- Rawhide Mountains Location within Arizona

Highest point
- Peak: Aubrey Peak (Rawhide Mountains)
- Elevation: 2,953 ft (900 m)

Dimensions
- Length: 15 mi (24 km) NW-SE
- Width: 9 mi (14 km)

Geography
- Country: United States
- State: Arizona
- Region(s): Maria fold and thrust belt ((southeast)-Mojave Desert) ((northwest)-Sonoran Desert)
- County: Mohave County, Arizona
- Settlement(s): Swansea, AZ-(ghost town) & Parker Dam, California
- Range coordinates: 34°18′09″N 113°42′04″W﻿ / ﻿34.3025°N 113.7010°W
- Borders on: Bill Williams River

= Rawhide Mountains =

Landform in Mohave County, Arizona

The Rawhide Mountains are a mountain range of western Arizona, in the southwest of Mohave County. It is part of a block of mountain ranges on the north of an insular region called the Maria fold and thrust belt, containing mountain ranges, valleys, and plains. The Rawhide Mountains border the much smaller Artillery Mountains southeast, bordering on Alamo Lake State Park and the south-flowing Big Sandy River.

The border to the southwest are the Bill Williams Mountains, and the Poachie Range with the large Arrastra Mountain Wilderness is northeast and east.

The high point of the range is Aubrey Peak at 2953 ft. Two other peaks lie at the southeast, Miller Peak at 2793 ft and Fools Peak at 2939 ft.

The southern perimeter of the Rawhide Mountains is the west-flowing Bill Williams River. The river is part of the northern border of the Maria fold and thrust belt with the block of mountains north forming the border, and is also part of the southeast Mojave Desert, another de facto border.

South of the river is the northwestern Sonoran Desert.

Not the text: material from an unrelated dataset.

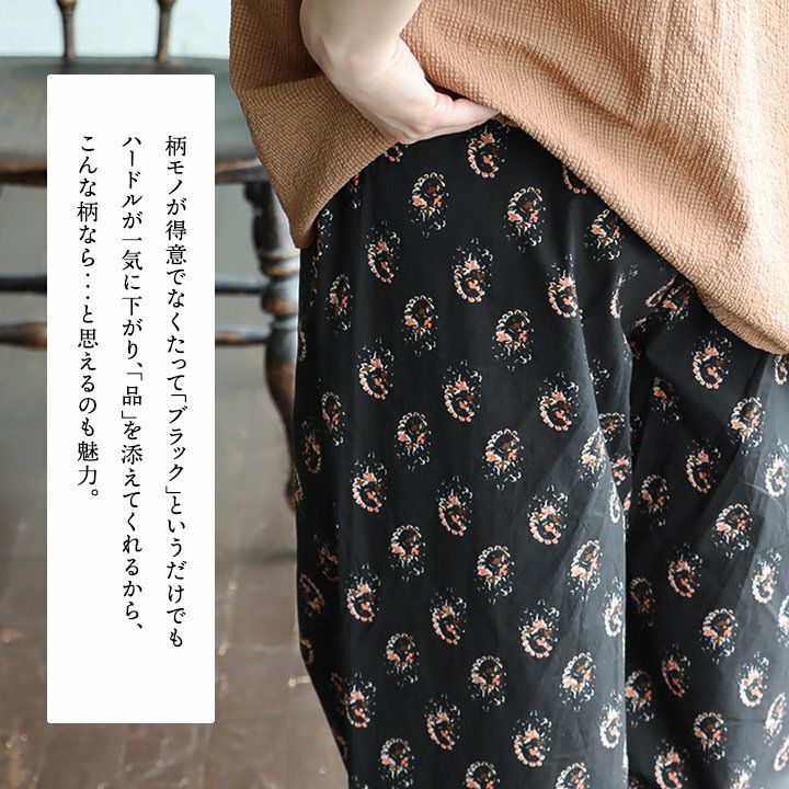 他の画像を見る 「ブラック」というだけで「品」があり、ハードルは下がる。 ワイドパンツ ストレート レディース 総柄 ペイズリー 綿100 コットン 薄手 涼しい 軽い ウエストゴム ゆったり 体型カバー カジュアル 春 夏 秋 パティ GENTIL ジャンティ 2~3日でお届け 販売価格 ¥ 6,490 税込 在庫切れ カートに入れる お気に入りに登録する

The major mountain block at the intersection of this region west in California is the Whipple Mountains of southeast California, in the northeast Colorado Desert (the northwestern Sonoran Desert). The Whipple Mountains cause the south-flowing Colorado River to traverse southeast, then back southwest around the Whipple Mountains massif. The Colorado then turns back to the south. (It makes another excursion south of the Trigo Mountains massif.)

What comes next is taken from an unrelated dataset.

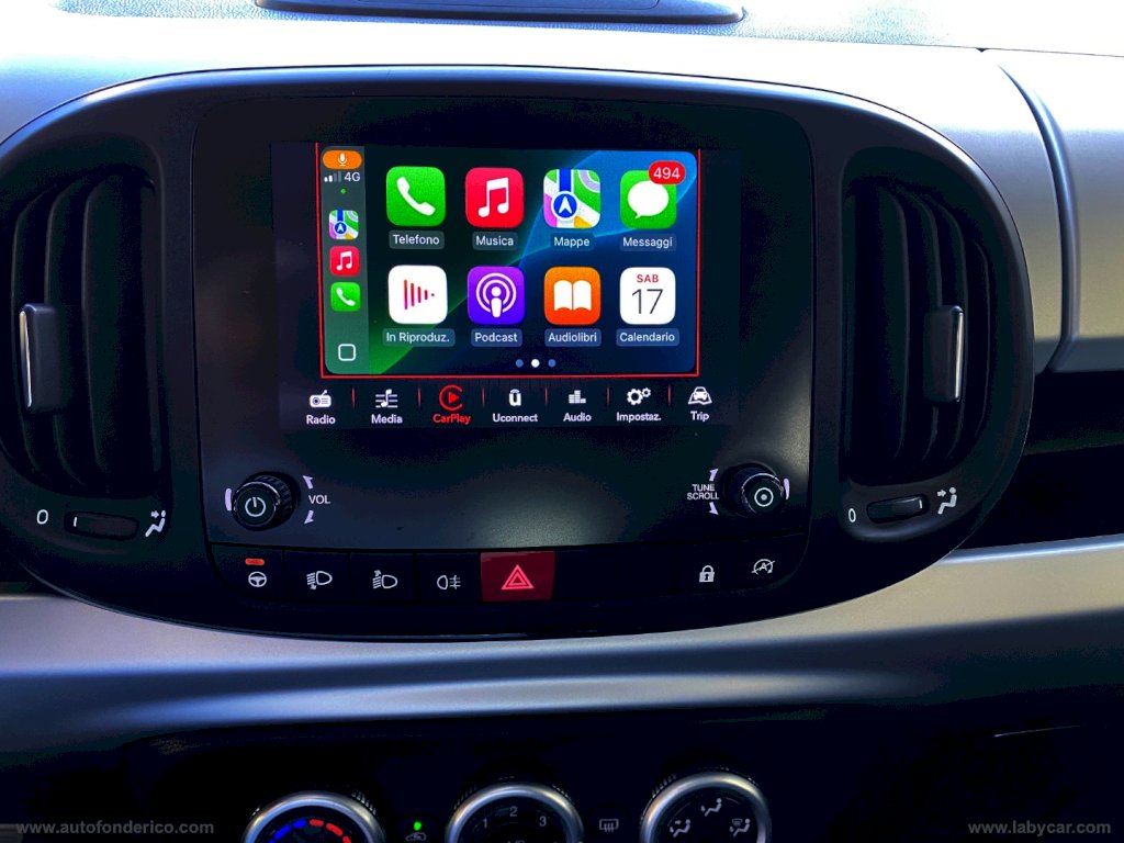 Gli optional: ABS, airbag, servosterzo, clima, vetri elettrici, comandi al volante, stereo di serie, cruise control, sensori di parcheggio posteriori, Apple CarPlay, fendinebbia, cerchi in lega.

==Rawhide Mountains and Aubrey Peak Wildernesses==
Approximately half of the Rawhide Mountains contain wilderness areas.

===Aubrey Peak Wilderness===
The northwest of the range consists of the Aubrey Peak Wilderness, of 15400 acres. It is accessed by unimproved dirt roads, which are on the southwest and southeast perimeter. Two geologic hikes are profiled in the region. The route starts at Wikieup and Hike 29 is in the southern Hualapai Mountains at a mountain saddle. The route is the access to Centennial Wash, Hike 30, where the wash is part of the southeast border of the Aubrey Peak Wilderness.

===Rawhide Mountains Wilderness===
The Rawhide Mountains Wilderness is a large wilderness that is on both banks of the Bill Williams River, and the confluence of the Big Sandy River. It is in the northeast of the Buckskin Mountains, the southeast of the Rawhide's and forms the western border of Alamo Lake, at Alamo Lake State Park.